Соседи принесли старика Тевку в его пустой дом. У Тевки не было мамки. Мамка его утонула. Сыновей не было у него. Сыновья его померли от оспы. Дочери вышли замуж.

— Ну, ребята, — сказал старик Тевка соседям. — Теперь я с одной ногой остался на смех людям.
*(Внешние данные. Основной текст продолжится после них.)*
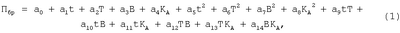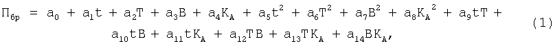 Математическая модель биологического объекта представляет собой зависимость продуктивности птиц (суточный прирост массы бройлеров от их возраста и от факторов микроклимата, в граммах массы) Пбр от возраста птиц t (в сутках) и основных параметров микроклимата – температуры воздуха Т (в градусах по шкале Цельсия), относительной влажности воздуха В (в процентах) и загазованности воздуха КА (массовая концентрация аммиака в воздухе, мг/м3) /см.: Грабауров В.А. Задача оптимизации микроклимата в промышленных птичниках с учетом расхода энергии на отопление. Рукопись представлена РИСХМ (Ростовским институтом сельскохозяйственного машиностроения). Деп. во ВНИИТЭИСХ. №537 ВС-85 Деп. – 17 с.; см. также: Грабауров В.А. Идентификация класса и структуры статической математической модели биологического объекта биотехнической системы в промышленном птичнике. – Рукопись представлена РИСХМ (Ростовским институтом сельскохозяйственного машиностроения). Деп. во ВНИИТЭИСХ. №469-84 Деп. – 6 с./:

Смешной я теперь.

Все лето пролежал Тевка в летнем доме на нарах.

В открытую дверь он видел море, лиственницу за песчаным холмом, белых собак, лежавших у моря, как пена.

Старик Тевка лежать не любил, любил бегать. Хотя по годам он был стариком, ноги у него были веселые, руки легкие, глаза были молодые, как у детей, и смеялся Тевка, как дети. Дети любили старика Тевку. Когда не видели взрослые, старик Тевка играл с детьми. И, видно, не для того играл, чтобы забавлять, — самому было забавно. Непоседливый человек был старик Тевка. Ходить он не умел, бегал. На охоте другим охотникам трудно было за ним поспеть. А тут пришлось ему лежать все лето. Одна нога стала непослушной. Свет стал коротеньким. Все, что было за дверью, было чужое. Не для него теперь это было, не для старика Тевки.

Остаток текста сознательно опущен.